The formulation reflects that fragility. Tesamorelin is supplied as a lyophilized (freeze-dried) powder that must be reconstituted before use; the trans-3-hexenoic acid cap stabilizes the molecule against DPP-IV in circulation but does not make the dry-versus-dissolved handling trivial. The FDA label specifies refrigerated storage and use of the reconstituted solution within a defined window [5]. These are descriptions of the labeled product and what trials administered, not handling instructions for self-administration — research-grade material sold for laboratory use carries none of the purity and potency oversight of the approved product.
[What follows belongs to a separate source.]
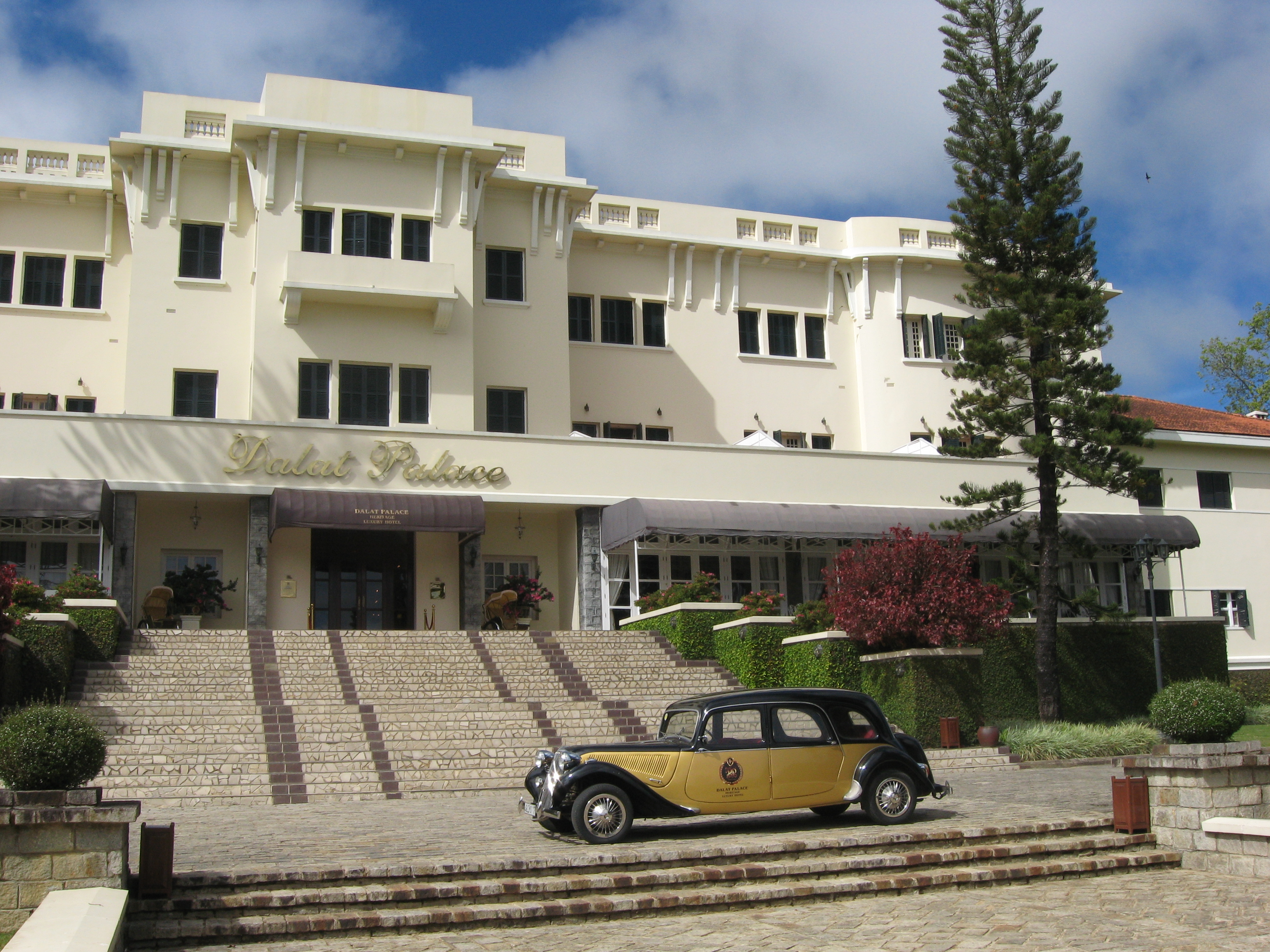 Dalat Palace Hotel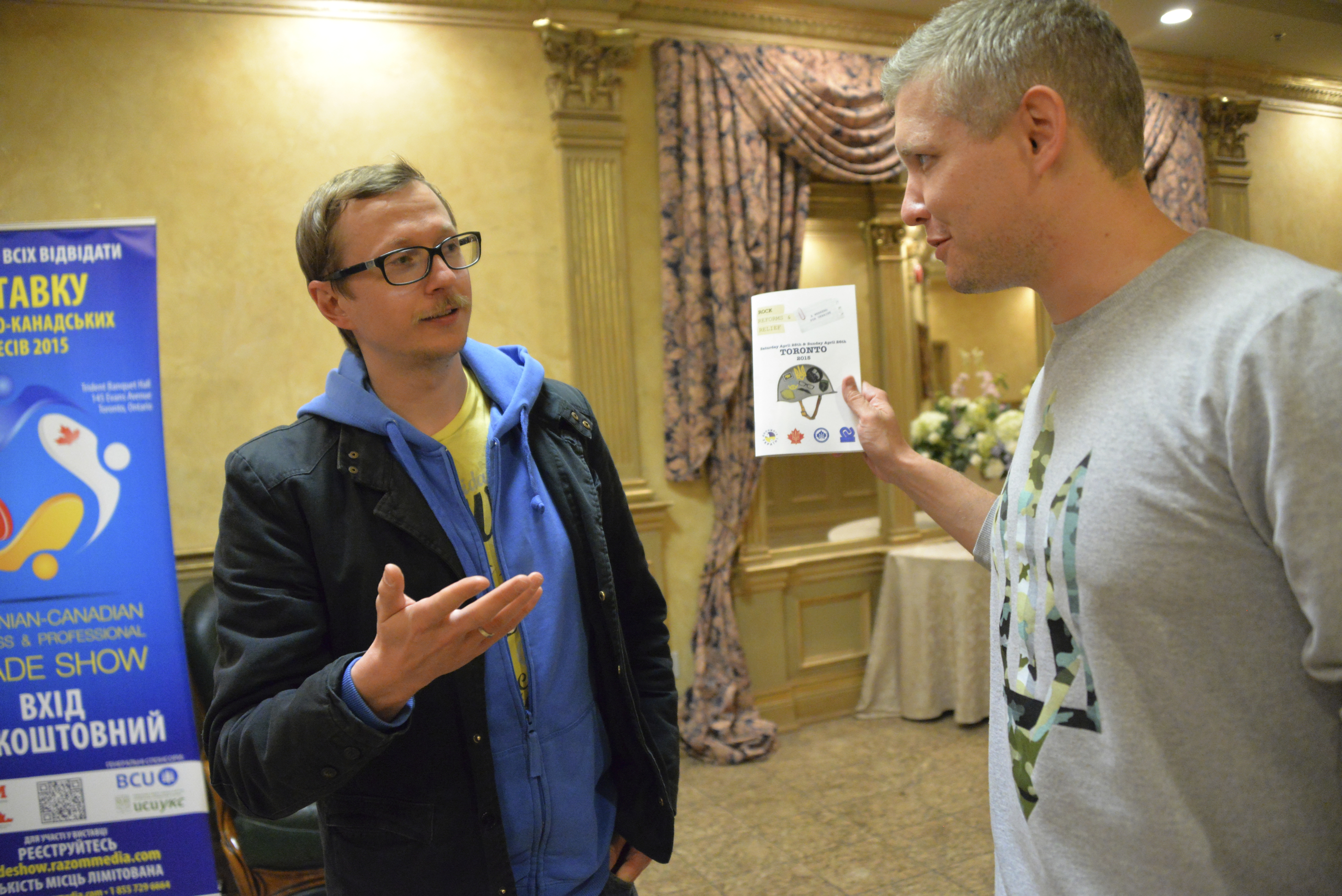 Roman Vintoniv (also known as Michael Shchur) with Danylo Spolsky at the Rock, Reforms, and Relief: A Weekend for Ukraine in Toronto, Canada, April 25-26, 2015.[1]

Why dose figures are not a recommendation

The 2 mg/day and 1 mg/day figures throughout this page are study parameters, not guidance. They describe what investigators administered to specific populations — overwhelmingly HIV-positive adults on antiretroviral therapy — under monitored trial conditions [1][2]. The pivotal program established that 2 mg/day reduced visceral fat by 15.2% in that population [1]; it did not establish a dose for anyone outside it, because no large trial outside the HIV indication has been completed. Off-label use therefore has no validated dose, schedule, or monitoring protocol from the controlled literature. A qualified clinician, not a research digest, is the only appropriate source for any personal decision.